Генрих Сапгир - Армагеддон
На душе было смутно. Да и Тамара была неразговорчива. Куда делись Сергей и Таня, я не понимал. Но кое-что подозревал все-таки.
Когда мы выходили из соседнего индуистского храма, по обеим сторонам нас провожали изваяния двух демонов: красный и синий. Женственно изгибаясь, обе фигуры будто текли всеми своими чертами. У красного демона волосы стояли дыбом. А синий, воздев руку, длинным, неестественно изломанным пальцем указывал на рельеф, идущий поверху стены. В разных ритуальных позах садились друг на друга и сплетались мужчина и женщина, пухлые и похожие, как близнецы. Это были явно Танины картинки.
ГЛАВА ОДИННАДЦАТАЯ
Посередине мутной широкой реки, вся она шла мелкими волнами. Мальчишка вынырнул из воды — ухватился рукой за борт катера. Другая рука протягивала нам мокрую деревянную фигурку Будды.
ГЛАВА ДВЕНАДЦАТАЯ
В антикварном магазине я склонилась, рассматриваю гладкие деревянные фигурки демонов под стеклом.
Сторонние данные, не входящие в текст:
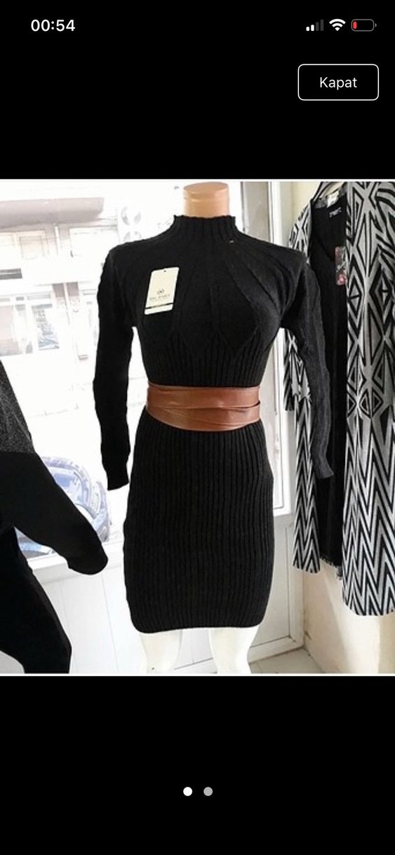 Bu siyah triko elbise, uzun kollu, boğazlı ve kemerli olup modern ve rahat bir görünüm sunar. Günlük kullanıma uygundur. Gri rengi de var
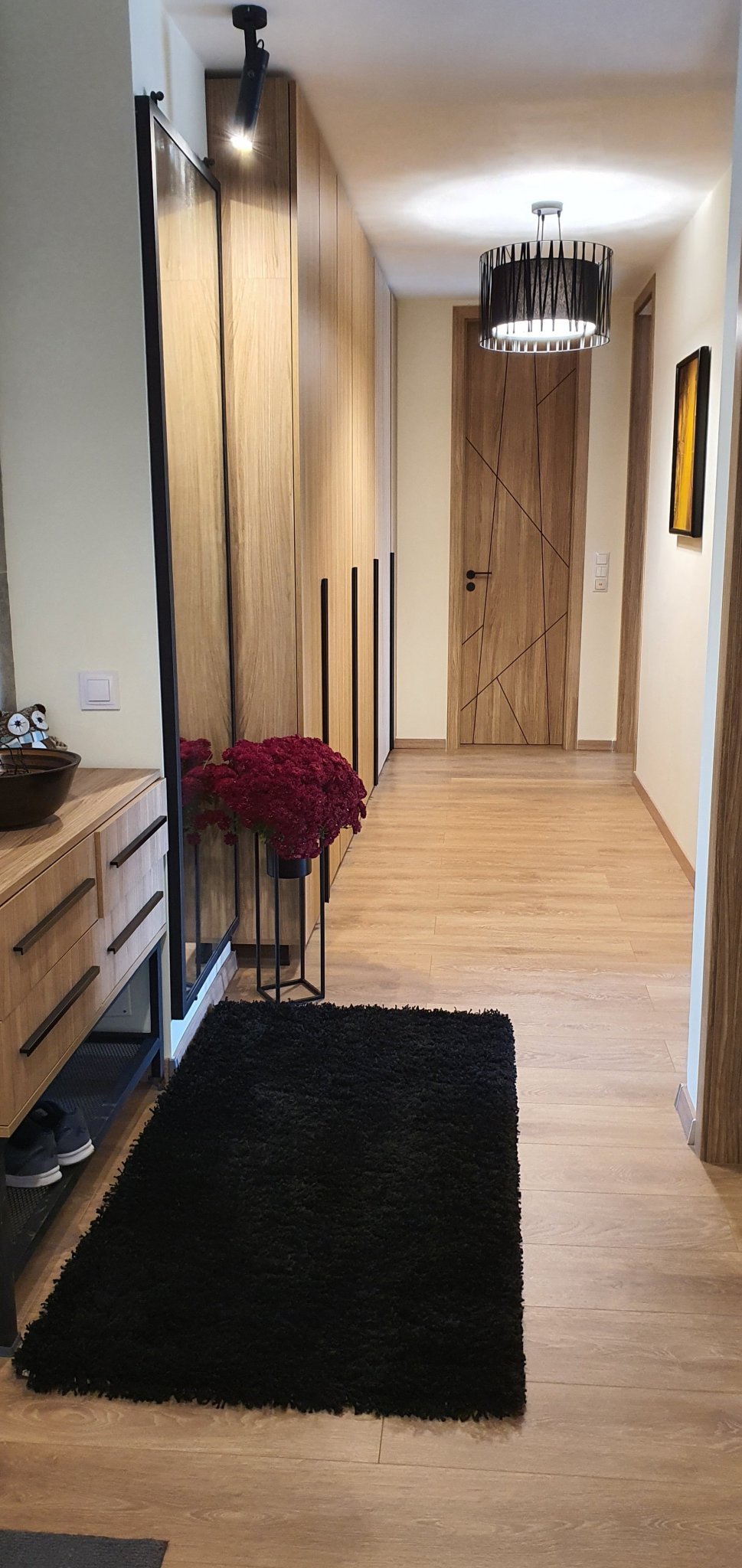 tomeva, много ми харесва у вас. Постигнали сте  стилово обединяване между отделните помещения посредством еднаквите настилки, фладер на корпусните мебели и вратите. Същевременно цветните акценти в текстила и тапицираните мебели придава едно усещане за "мек",  минимализъм с индъстриал осветителни тела. Браво!

Очень старые и очень живые.
1. Демон с губой, отвисшей до колен, пытается что-то сказать.
2. Демон засунул в пасть свою руку и ногу и пожирает их.
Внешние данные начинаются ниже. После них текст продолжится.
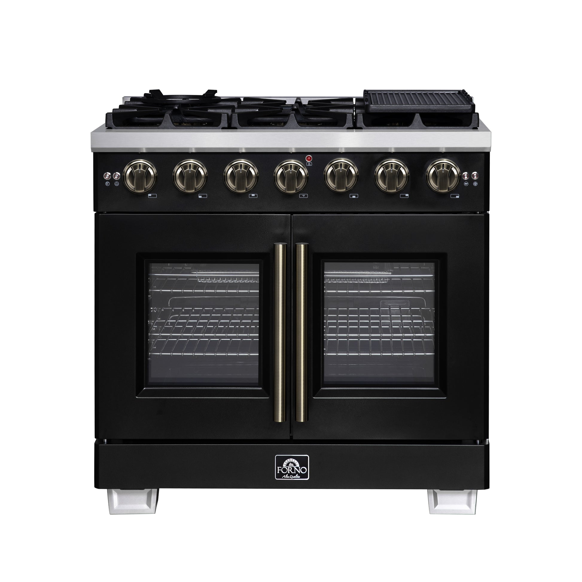 Forno Capriasca 36-Inch Black Freestanding French Door Gas Range, 6 Burners, Convection Oven, Energy Efficient

3. Демон высунул длинный язык, которым щекочет свою же пятку.
4. Демон обеими руками яростно сдавливает свои женские груди.
5. Демон жадно пьет из чашки свою кровь.
6. Демон щипцами откусывает себе причинное место.
Вы знакомы мне, демоны самомучения. Сколько раз я топтала свое самолюбие, унижала себя завистью, и ревностью терзала себя по ночам. Я думала, что я небрежная, забывчивая, но христианка. А мои демоны пожирали меня у всех на глазах.
Теперь знаю, мне показали моих демонов. Они — во мне.
ГЛАВА ТРИНАДЦАТАЯ
Хэлло! — горничная, с виду подросток, вошла днем в наш номер перестелить постель. Тамара была на пляже. Видимо, горничная решила, что я хочу отдохнуть или что там еще, не знаю. Она наклонилась над покрывалом и из-под алого форменного платья выглянул ужасающе грязный край шелковой сорочки. Оглянувшись, она легко и страшно улыбнулась.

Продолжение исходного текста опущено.